My dad’s dad was loud and boisterous; an engineer who loved music and theater, especially when he was starring in it. He would play jazz and swing at top volume in the downstairs of the house in Freeport, Illinois, whistling and scatting to the music. Family stories abounded about his brilliance. He was ambidextrous and could write two different sentences at the same time. I remember one Christmas as a child, I woke up around midnight and snuck downstairs. My grandfather was in our front room and the television was on, and it was now in color. Such was the legend of my grandpa’s amazing abilities, I imagined he had turned our black and white television into a color one.

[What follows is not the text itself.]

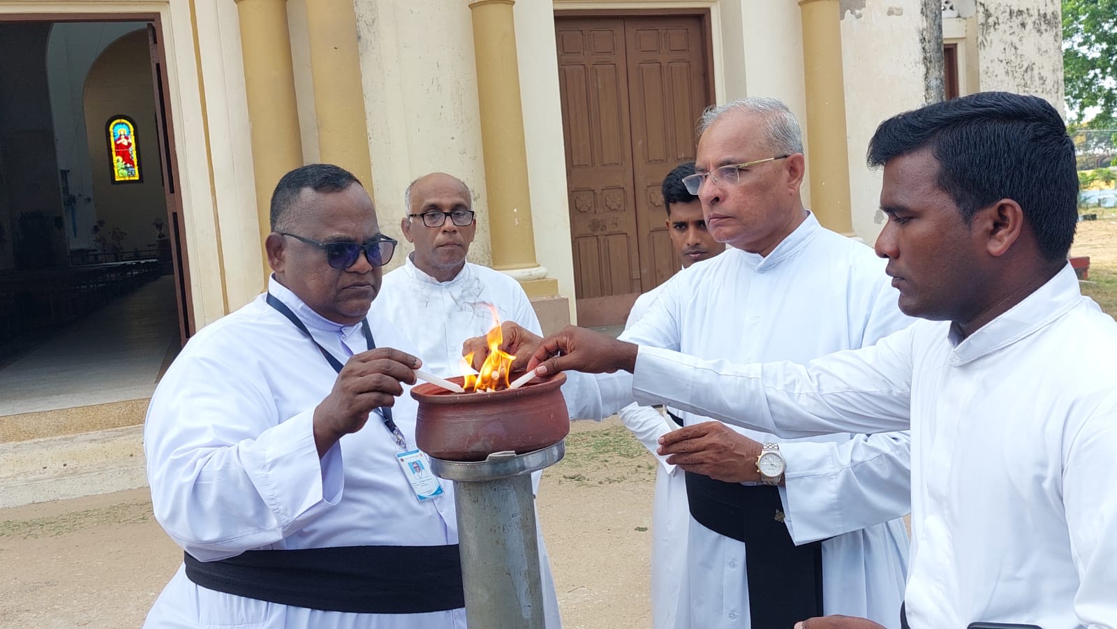 அதன்போது, குண்டு வெடித்த நேரமான 8.42 மணிக்கு தேவாலய மணி ஒலிக்கப்பட்டு உயிரிழந்தவர்களுக்காக இரு நிமிட அகவணக்கம் செலுத்தப்பட்டதுடன் ஈகைச்சுடர் ஏற்றப்பட்டது.

My grandmother got Lou Gehrig’s disease when she was about 70. She slowly became paralyzed from the feet up, and my grandfather became her fulltime caretaker. He’d set her up in a chair at 5 p.m. for their habitual evening cocktail.  A scotch sour for my grandmother and a whiskey sour for him.  He’d put a straw in my grandmother’s glass so that she could drink it without help. She hated being dependent.  By the end, my grandfather had to help my grandma with the slightest thing.  She’d wake him in the middle of the night to help her move her legs into different position because they’d become painful. Over time, he had ceded the center of attention to her and moved himself to the background.

My own father too is becoming an ‘old man’. (Sorry, there’s no way around it, Dad). With age, his kindness also grows. He’s been there for me on countless occasions, when I couldn’t tell anyone else what was going on with me. I love to watch him with my kids, his patience and sweetness expanding with the years as he settles into his age.

So this little post is dedicated to these men and all the other ‘old men,’ the salt of the earth, who’ve passed through my life in one way or another, expecting nothing in return, and making the world a kinder and gentler place.